I feel as if I have this incredible weight inside right now and I can’t quite put it into words. Actually, I don’t even know what it is really. I just know that there’s something… there. I want to let it out, or at least find a way to let it out, but I can’t find a way to let it out until I know what it is I want to let out.

Does any of that make sense?

I don’t know what I’m babbling about really. I’m just… not really sure about some things right now I suppose and it’s taking its toll on me. I know that I posed a lot of questions in the previous post, but now the questions aren’t so loud in my head. That doesn’t mean there aren’t other questions, but the whole worrying about the future thing isn’t as large and looming as it was a while ago.

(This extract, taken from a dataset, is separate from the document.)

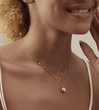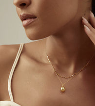 Artfully crafted, the double chain is made of pure 18K gold. The fine chain reveals intricate workmanship, creating a layered effect in a single wear, while the thicker chain, polished smoothly, shimmers with every link. Uniquely designed, this necklace seamlessly blends timeless elegance and contemporary fashion. Its versatility shines, elevating both everyday attire and evening gowns, enhancing their essence.

What I want to do most is sleep. Perhaps I’m using sleep as an escape, but I want to sleep to make the time go by faster. Except there is this damned thing called responsibility.

In other news… more like site news (that should be properly placed in the aside, but I’m lazy tonight). If you want to find out what happened to Boscardin over the weekend, I explain it for a bit here in the first paragraph. I also want to give Boscardin a revamp, but right now, I’ve not the time, which makes me a little sad. It’s okay. I’ll live.

I always do, despite how depressed I can get, I always live. And this weekend, I got an email that really cheered me up. Not to mention getting to hang out with a really cool buddy on a really awesome couch.